Metropolis MCMC using Riemann Langevin updates

kaskr / adcomp

AD computation with Template Model Builder (TMB)

Other

167 stars 80 forks source link

Metropolis MCMC using Riemann Langevin updates #182

Closed James-Thorson closed 3 years ago

James-Thorson commented 8 years ago

Kasper and everyone,

I was reading through a method for MCMC sampling using Langevin proposals on a Riemann manifold of the neg-log-like function:

http://arxiv.org/pdf/1309.2983v1.pdf

courtesy of Daniel Simpson. The algorithm between Eq. 9 and 10 should be feasible to implement and test, except that Gamma_i requires the gradient of elements of the hessian matrix w.r.t model coefficients. I have read that TMB has access to higher-order derivatives -- is this gradient-of-the-hessian calculation convenient?

cheers, jim

skaug commented 8 years ago

Yes, the "gradient-of-the-hessian" is used in TMB to get the derivative of Laplace approximation of with respect to model parameters.

James-Thorson commented 8 years ago

I had imagined that the gradient of the log-determinant of the Hessian is available (as you confirm), but haven't seen how to access the gradient of individual elements of the Hessian matrix. Is there any simple example-code for accessing this gradient-of-Hessian-elements within the R terminal, or I guess equivalently accessing 3rd derivatives of the neg-log-like function w.r.t. one parameter twice and a 2nd parameter once?

jim

On Mon, Apr 11, 2016 at 2:26 AM, Hans J. Skaug notifications@github.com wrote:

Yes, the "gradient-of-the-hessian" is used in TMB to get the derivative of Laplace approximation of with respect to model parameters.

— You are receiving this because you authored the thread. Reply to this email directly or view it on GitHub https://github.com/kaskr/adcomp/issues/182#issuecomment-208248710

kaskr commented 8 years ago

@James-Thorson There is not yet a user friendly way to get these derivatives. The following function can be used for now:

get3rdDeriv <- function(obj, par = obj$env$par, w = NULL){
    ADHess <- environment(obj$env$spHess)$ADHess
    .Call("EvalADFunObject",
          ADHess$ptr,
          par,
          control = list(
              order = as.integer(1), 
              hessiancols = integer(0),
              hessianrows = integer(0),
              sparsitypattern = as.integer(0), 
              rangecomponent = as.integer(1),
              dumpstack = as.integer(0),
              rangeweight = w),
          PACKAGE = obj$env$DLL)
}

Here's a demo:

library(TMB)
runExample("simple")

Get all derivatives (280 non-zero hessian elements times 118 parameters) :

D3mat <- get3rdDeriv(obj)
dim(D3mat)

You can get specific linear combinations of derivatives very fast (using only one reverse sweep):

w <- rnorm(280)
wD3mat <- get3rdDeriv(obj, w=w)
range( wD3mat - t(w) %*% D3mat )

colemonnahan commented 8 years ago

@James-Thorson FYI Michael Betancourt has some papers on RHMC and from what I understand you have to be careful w/ using the Hessian because it isn't always positive definite.

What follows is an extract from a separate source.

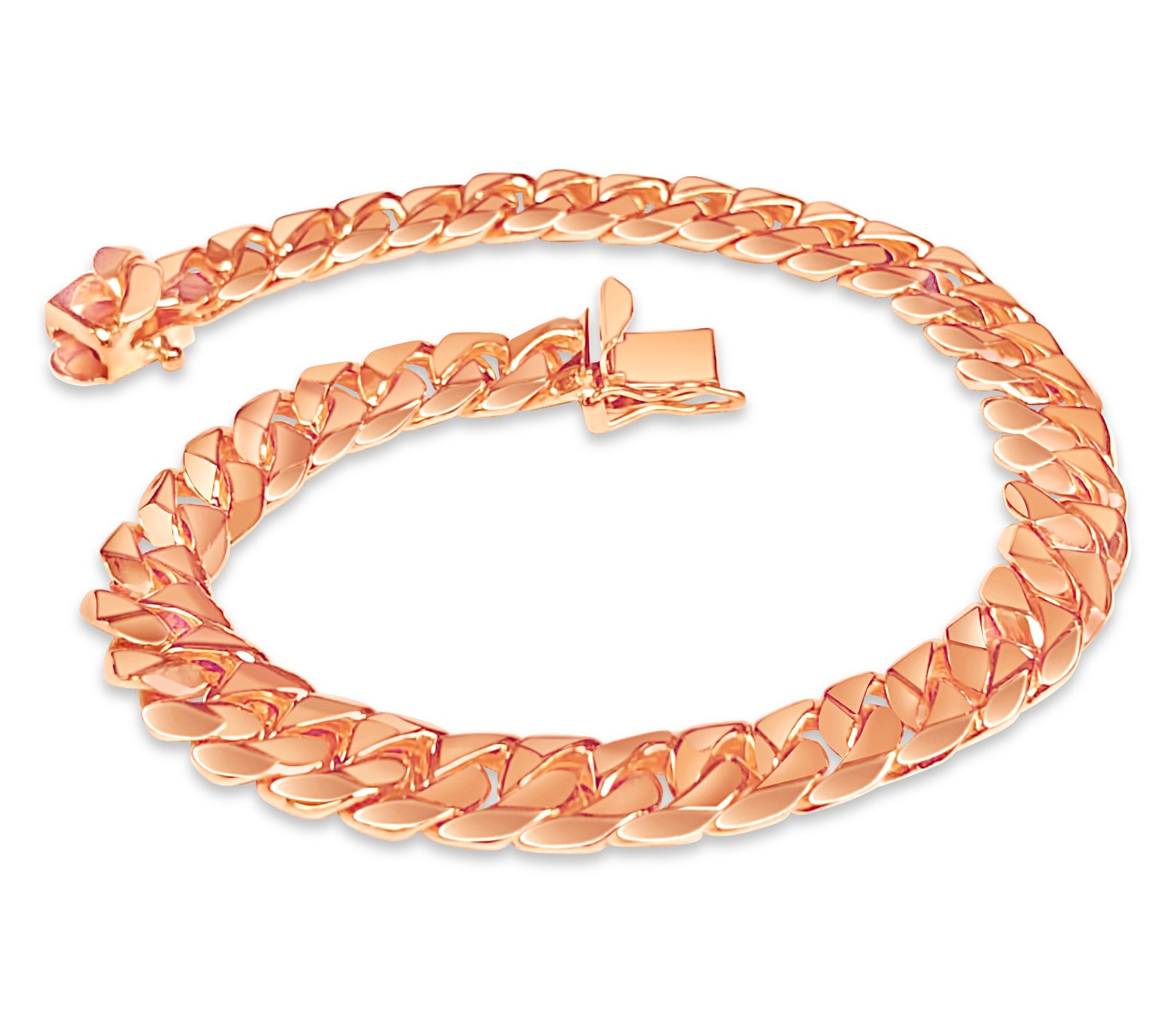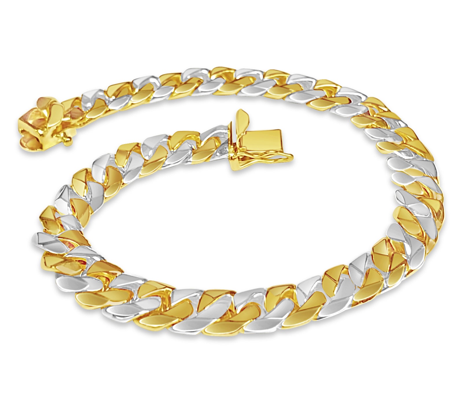 Crafted with precision by our seasoned artisans, each link of this bracelet tells a story of heritage and tradition. Available in 10K, 14K, or 18K gold, with a dimension of 9mm, it strikes the perfect balance between boldness and refinement. Choose from multiple gold colors such as; Yellow, White, Rose, Two-Tone, or Tri-Color to suit your style.

Unfortunately the Hessian isn’t sufficiently well-behaved to serve as a metric itself; in general, it is not even guaranteed to be positive-definite. The Hessian can be manipulated into a well-behaved form, however, by applying the SoftAbs transformation and the resulting SoftAbs metric [22] admits a generic but efficient Riemannian Hamiltonian Monte Carlo implementation (Figure 10, 11).

From http://arxiv.org/pdf/1312.0906.pdf

I'd be curious to see if you could get it working with TMB. Supposedly it works great for low dimensional posteriors with very difficult geometries.